Collin Morikawa’s run to a PGA Championship started at $80 an hour

Golf

KIAWAH ISLAND, S.C. — The fee was in the neighborhood of $80 per hour. That is what Rick Sessinghaus charged all the junior golfers at the executive course he worked at in Glendale, California. And yes, that included a very young Collin Morikawa.

The reigning PGA Championship winner was just 8 years old at the time he started working with his teacher, a relationship that has lasted to this day, through junior and college golf and his fast transition into the professional game — and four PGA Tour victories, including a major championship.

“Typically what people did was they’d buy a series of six lessons to lower the price to $60 an hour,” Sessinghaus said. “What’s funny about Collin is we kept the fee the same all the way through college, and sometimes I didn’t really charge him because as he won and got better, I just wanted to support him in any way I could.”

Needless to say, the arrangement is quite different now. Morikawa, 24, is a budding star, barely two years out of college. His victory at TPC Harding Park last August came in his first attempt playing the PGA Championship. It was just his third major championship start.

Coaches come and go. So do caddies, agents, trainers and all manner of team members for a successful player. But Sessinghaus has been by Morikawa’s side for 16 years.

And a big part of Sessinghaus’ philosophy covers the mental side of the game and coaching on the course. Much of his time with Morikawa was spent playing the par-60 course where he worked, focusing on various aspects of the game away from the driving range.

“He has a message that most good mental coaches have,” said veteran caddie J.J. Jakovac, who has been working for Morikawa since he turned pro. “They have such a good relationship since Collin was a little boy. You can see that Collin trusts him fully. When you trust someone, I think it’s much easier to practice what they are preaching. He trusts him like a family member. And Rick is not afraid to be honest with him. He’ll tell him what he sees and what he’s thinking. They’ll go over a round, a game plan.

“On the physical side, he built his golf swing, so he knows it better than anyone. When he’s off, it’s very imperceptible to the eye. But Rick sees it because he’s worked with him so long.”

The key moment of last year’s PGA came at Harding Park’s 16th hole, a drivable par-4 in which Morikawa had laid up and hit a wedge to the green each of the first three days.

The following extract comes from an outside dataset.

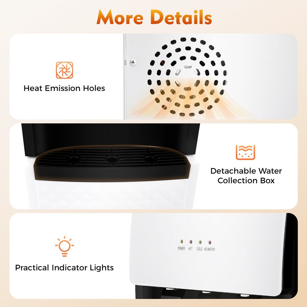 Product Description Description: This hot and cold water dispenser combines technology with humanized design to bring you a healthy drinking life. The unique lower water loading design makes it easy to change water. The appearance is stylish and simple so that it can show your high-end taste whether it is placed in the living room, office, or commercial places. The cold, hot, and room temperature water brings a hot and cold drinking water experience, which is energy-saving, safe, and convenient to use, meeting your whole family's drinking water needs. Details: Anti-slip Bottom: The bottom can effectively prevent the product from sliding or protect your floor from getting scratched. Indicator Lights: The indicator light panel is convenient for you to see the working status of the product (cooling, heating, water shortage). Detachable Water Collection Box: It can catch spilled water and prevent the wetting of the product or the floor while allowing for easy cleaning. Specifications: Color: White Material: PP Process: Electrostatic Spraying Plug Type: US Standard Voltage: 110V Mount Type: Floor Standing Assembly Required: No Water Cooling Power: 75W Water Heating Power: 500W Cold Water Capacity: 1.5L/0.53Gal/H Hot Water Capacity: 5L/1.32Gal/H Cold Water Temperature: 5-10℃/41-50℉ Hot Water Temperature: 85-95℃/185-203℉ Power Cord Length: 1.5m/4.92ft Product Size: 31*29.5*92.5cm/12.2*11.61*36.41inch Packaging Size: 98*34*33cm/38.58*13.39*12.99inch Gross Weight: 8kg/17.64lbs Package Included: 1* Bottom Loading Water Dispenser 1* English Operating Manual Notes: To ensure the normal operation of the machine, the machine has been tested before leaving the factory, so the product received may have residual water after the test, which is a normal phenomenon. Payment Delivery details Terms of sales About us Contact us Payment We accept ebay payment 。 Fees such as import duties, taxes are not included in the item price or shipping costs. These charges are the buyer's responsibility. Delivery details Shipping: 2-9 working days to: USA Terms of sales We maintain high standards of excellence and strive for hundred percent customer satisfaction. Feedback is very important to us. We hope that you contact us immediately before you give neutral or negative feedback, so that we can address your concerns. It is impossible to address issues if we do not know about them! About us Your satis faction is our ultimate goal. We work hard to earn your trust and future business. Our certified technicians have tested each item before shipping. The unit comes with 1 year limited warranty on all manufacturing defects. a) If you receive a defective item, you may return it or ask for a discount. Please contact us within 14 days after you receive the package. b) What you returned must be intact and in its original packaging as re? u. Customer is responsible for shipping costs of the returned item. c) We will cover the cost of shipping back t with the shipping rate indicated in the registration page. We will send you a new unit or refund the full payment you paid. Thank you. Contact us Business Hour Business Hour: Monday To Friday: 8:30 AM to 5:00 PM (Beijing China time) Due to time zones, our reply to your questions may not be immediately. But within above working time, we will reply your email within 24 hours. If it's non-workdays, please kindly be patient and wait till Monday. Please contact us with ebay message. Please feel free to contact us if you have any questions. Monday To Friday: 8:30 AM to 5:00 PM (Beijing China time) Due to time zones, our reply to your questions may not be immediately. But within above working time, we will reply your email within 24 hours. If it's non-workdays, please kindly be patient and wait till Monday. Please contact us with ebay message. Please feel free to contact us if you have any questions.

But with the tournament in the balance that Sunday and several players firmly in contention, Morikawa trusted his instincts and went with a driver, ripping a cut that bounced onto the green and stopped 7 feet from the cup. When he holed the eagle putt, Morikawa was in command of the championship he’d clinch two holes later.

There for the pandemic-muted celebration was Sessinghaus, who barely two years ago was watching Morikawa finish his collegiate career at Cal. Now he’d won a major and added the WGC-Workday Championship in February.

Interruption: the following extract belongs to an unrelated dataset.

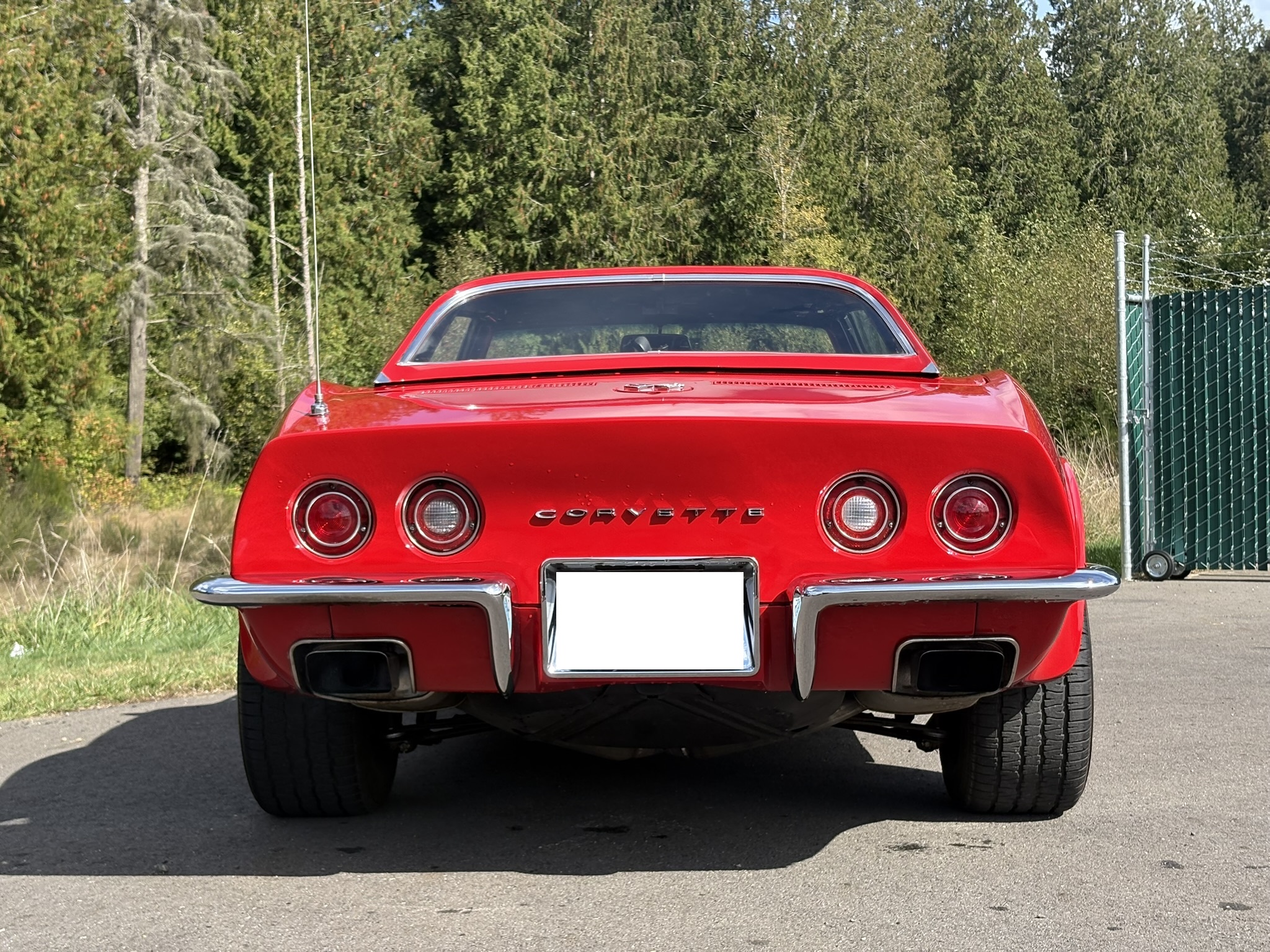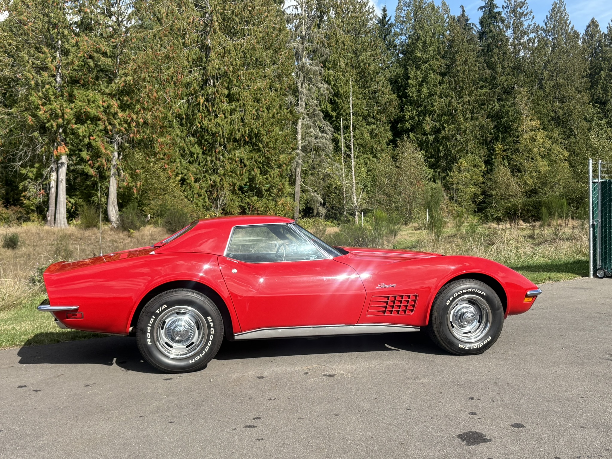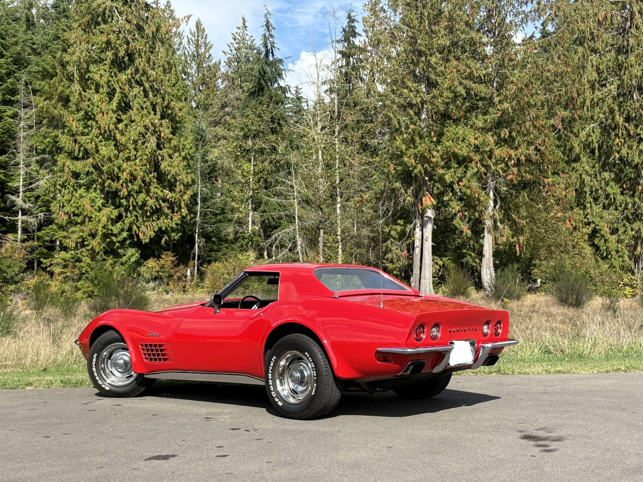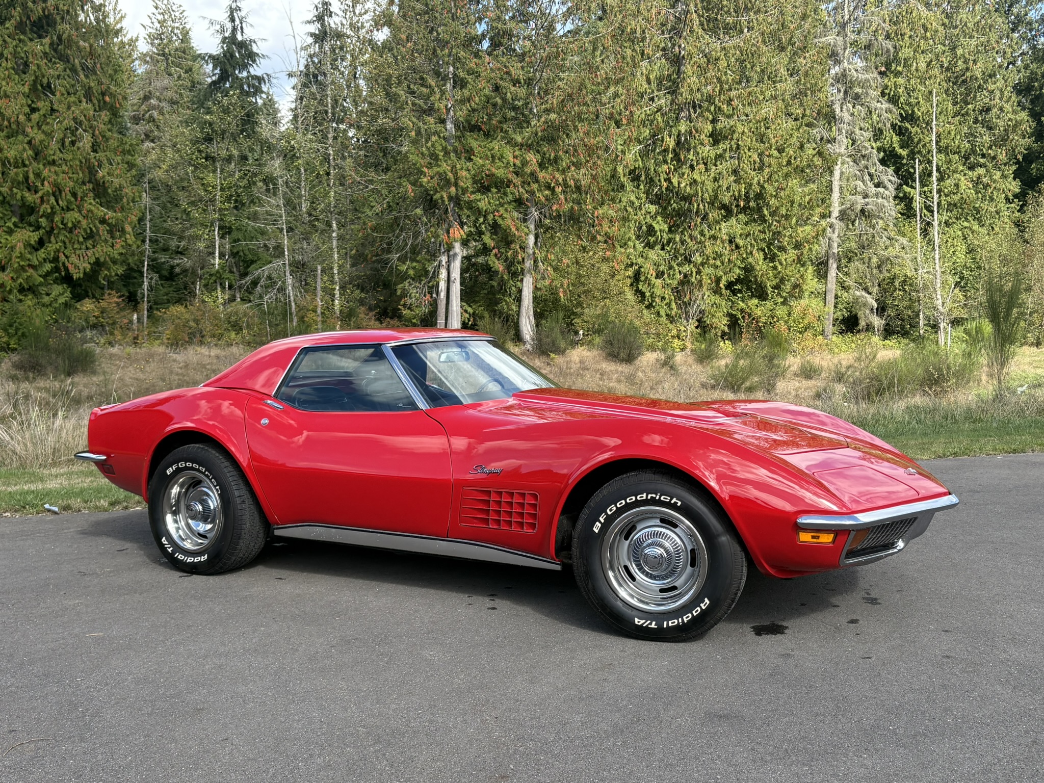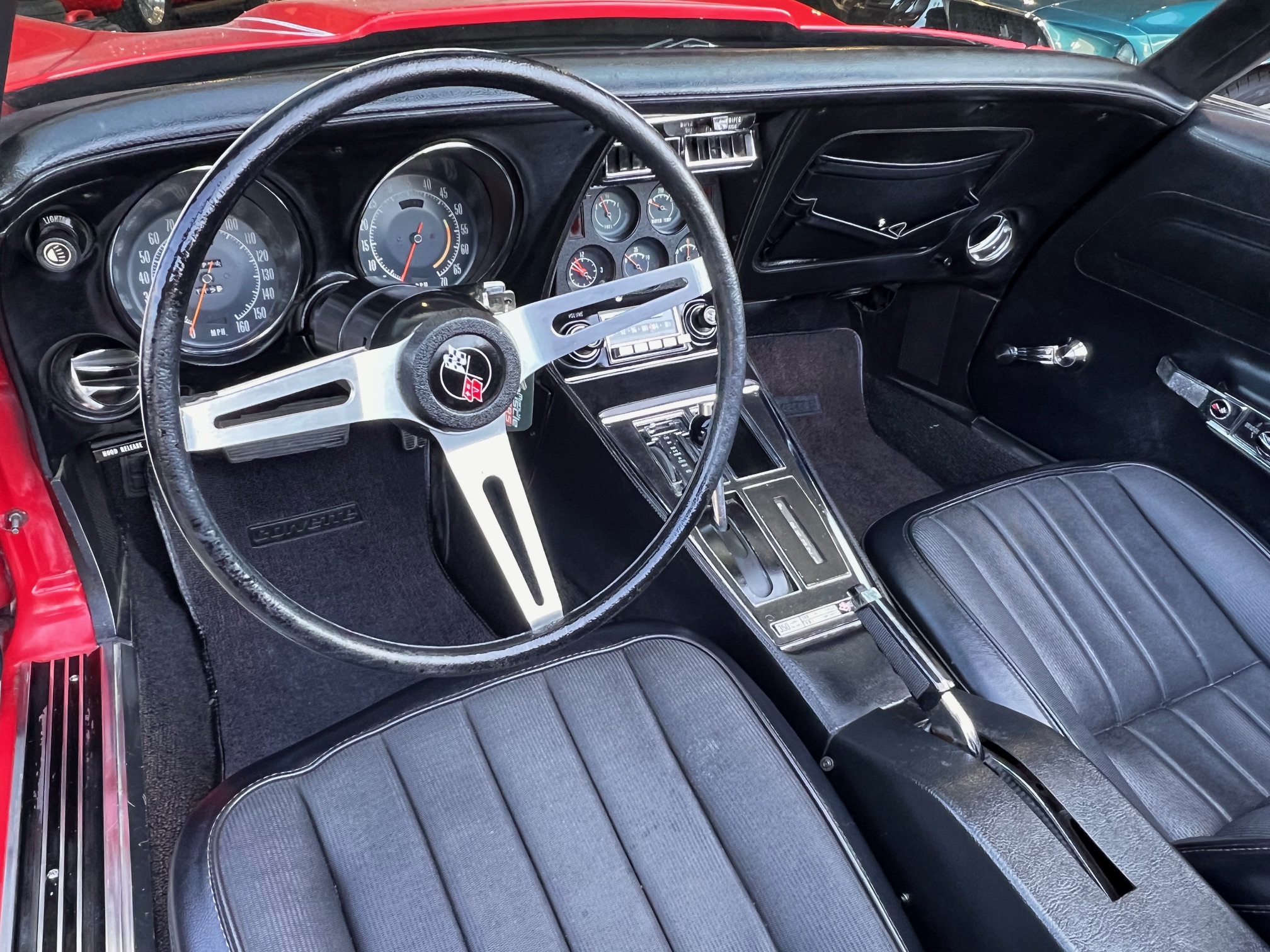 This 1972 Chevrolet Corvette convertible is finished in red over black and is powered by a 350ci V8 paired with a three-speed automatic transmission. Features include a Positraction limited-slip differential, a black convertible top, a removable hardtop, 15″ Rally wheels, a performance camshaft, an aluminum intake manifold, long-tube headers, MSD ignition, power-assisted disc brakes, power steering, retractable headlights, and an AM/FM stereo.

“I do pinch myself every day to be able to help,” Sessinghaus said. “And I’m super grateful for all the opportunities that have come my way. The other question is more the surprise factor. Yes, he’s won four times in 45 starts. That’s a winning rate that is extremely high. Would I have said he’d win four times? Probably not. I really felt he was going to have a successful career, a long career. So it’s not surprising when he’s in contention.

“I just believed from an early age he had that ‘it’ factor. He’s put in the hard work. But I have to have the perspective that this is special, a cool ride.”

Perhaps the quality that Sessinghaus and Jakovac appreciate the most is Morikawa’s maturity. He has an abundance of it for a player who is not long out of college and played his first full year as a pro in the midst of the pandemic.

“We haven’t hit a point where we’ve been just like, ‘Well, I don’t know what to do,”’ Morikawa said. “We won early on. That doesn’t mean you can’t stop working on things. If he told me after we won the PGA, ‘OK, all right, see in you a few months, you’re doing OK,’ I would hate that.

“But that’s not who Rick is. Right after the PGA we’re trying to figure out, ‘What do we do better? How do we get better? How do we stay where we’re at?’ Because every single day when we wake up, we always wake up a little different. So how do we get back to those things of being the best golfer we can?”

One way is to trust the team. Morikawa didn’t want to make any fancy coaching changes just because he was turning pro. And he sought a veteran caddie who knew the ropes, wasn’t afraid to offer advice and who was quick to recognize the student-teacher dynamic.

“He has this calmness about him even when things are not going his way,” Jakovac said. “There’s no stress or pressure. I’m sure it’s not that way inside, but he has his way about him. … Golf is a hard sport, and you see other young kids throwing clubs, throwing tantrums. [Morikawa] having that chill factor really helps.

“He wouldn’t be as good as he is without that mental side. It’s just a good combination of everything. He wants to learn. I think he’d be the first guy to tell you he’s still young and he doesn’t know everything about golf. He’s learning techniques every week we go out. He wants to have all the shots and wants to be among the best players.”

Morikawa already is. He’s ranked sixth in the world after getting to a high of No. 4. It’s been a quick rise to the top, but the journey goes way back to his grade school days and junior golf lessons with a pro who is still by his side.